The current wave of social media (YouTube, MySpace, LinkedIn, blogs, etc.) is teaching us that consumers want to be a part of the conversation. As a retailer, are you engaged fully with your customers in rich dialogue about your brand, products and services? If you are not blogging and using other social media, the answer is probably “no.” I highly encourage retailers to consider making social media an integrated part of their marketing strategy. That said, you cannot just “jump in.” Like everything else in your marketing arsenal, social media needs to be carefully thought through. Your customer’s experience on your blog must be congruent with other customer touch points. Other posters rightly stated that blogs work best for product categories where there is a desire for customer dialogue.
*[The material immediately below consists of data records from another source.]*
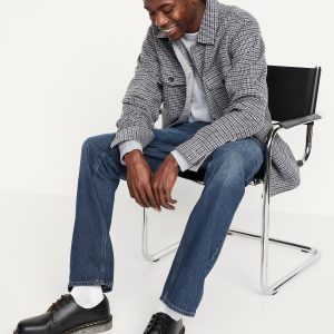 Structured Straight Non-Stretch Jeans: zip fly, front scoop pockets, back patch pockets, #584462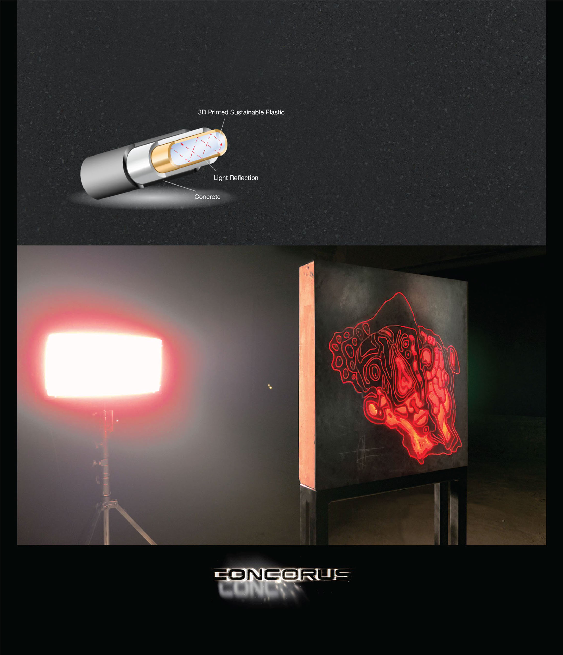 CONCORUS is a precast concrete product. In a special process 3D printed sustainable plastics are inserted in a fine-grain concrete. Due to the relatively low portion of 3D printed plastic, the solidity and consistency of the light transmitting concrete is almost equivalent to high-strength concretes.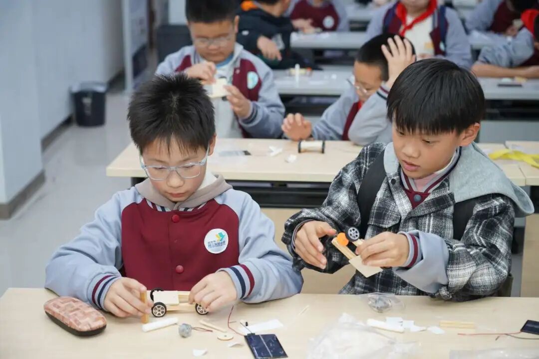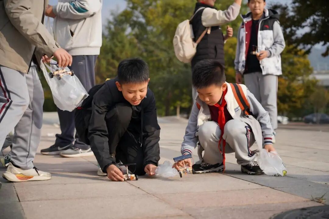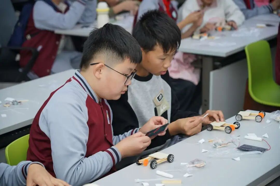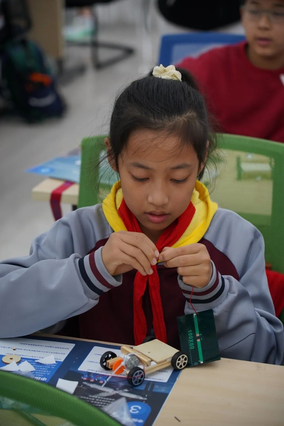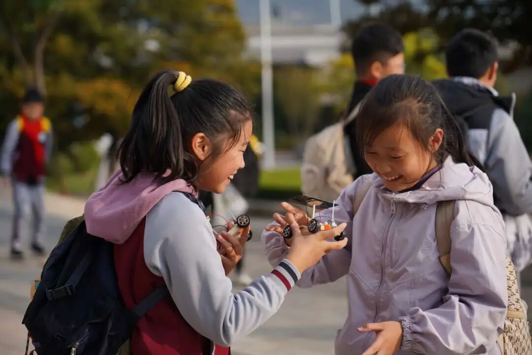 最令人期待的“制作火星车”环节,队员们分组协作,对照说明书使用螺丝刀、扳手组装零件,排查故障、调试结构,当一个个小巧的火星车完成组装时,大家兴奋地展示成果,在实践中提升了动手能力与团队协作力。

Basics and consumer staples will not likely be effective blogging subjects. Consider
1) Who will be your blogger(s)? They must speak with an authentic voice, aligned with the company’s voice.
2) Can you commit to regular updates? If not, don’t start.
3) Have you prepared for the inevitable complaints and bad comments about your brand/product?
4) Have you considered a presence on other social media like MySpace or YouTube? You should. Most of your customers are in multiple social media sites–you need to be (authentically) where your customers are if you want to truly engage them in conversations.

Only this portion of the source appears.